The Importance of Planning & Implementation in Mergers and Acquisitions
The merger, acquisition and divestiture process typically focuses on the transaction deal and negotiations involved. The implementation portion is often a second thought or prepared for after the fact. However, an implementation that includes a structured plan, defined process and comprehensive communication plan will impact more stakeholders and oftentimes be the measure of a successful deal. Planning and preparing for each of these three significant items and the ongoing management requires tools, experience and leadership.
First, the importance of having a plan for what the organization's world looks like after the merger, acquisition or divestiture will lay the groundwork for the future vision. This plan can include a detailed business plan for the impact and expected result of the process and should provide an organizational chart or design. An unknown plan inhibits decision-making as leadership and teams are left with questions on scope changes or empowerment changes.

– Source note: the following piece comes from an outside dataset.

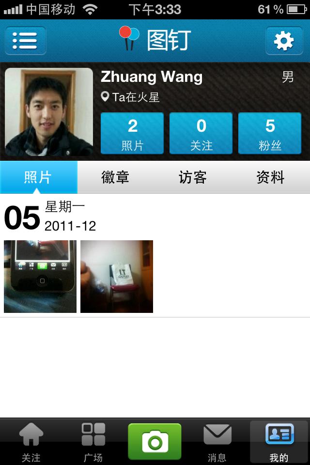 用户可以创建照片/视频/音频,比较大而全,但是也积累了大概300万用户,直到2010年,他们将gypsii拆分成两个产品,一个是图钉,一个是e领地(现在叫微领地)。今年9月份他们获得新浪投资并联合成立了一家合资公司,由新浪控股,我们得知的投资金额是在1000万元以上。

Secondly, it is essential to define a process that will address the gaps from the current state to the future. The structure of this process should include identifying resources and tools that will be utilized to facilitate the changes. The formality of the process is independent of the size of the organization and should be based on need or organizational complexity, including geographic span, number of functional areas and internal resources to manage. Creating a process that includes timelines, milestones, guidelines, status reporting, sub-group definitions and decision-making structures eliminates an environment flooded with uncertainty.
Finally, a successful plan and process will be ineffective without the communication plan. A successful communication plan should start with a stakeholder analysis to identify the needs for each stakeholder cohort. After this analysis is complete, a robust plan can be created that outlines the timing, delivery mechanism and process for each communication from start to ongoing management of the new organization. A structured communication plan enables communications to be fluid and predictable throughout the transition while enabling the communications team or leadership to react to unforeseen needs without losing the structure.
The Need for a Trusted Advisor as You Prepare for Sale
Does your staff have the experience and capacity to avoid the stumbling blocks mentioned above? It is important to understand that engaging transaction advisors and due diligence providers can be as simple or extensive as the seller or buyer wishes. Involving your advisors early in the due diligence process allows them to better understand your needs and help you formulate an appropriate due diligence strategy for your sale or acquisition. Whether it’s a high-level analysis of the entity in preparation for a potential sale, a gross margin analysis of a seller’s new product offering, or detailed historical four-year and projected EBITDA and working capital analysis, your advisor can make sure you don’t overlook things that could cause surprises.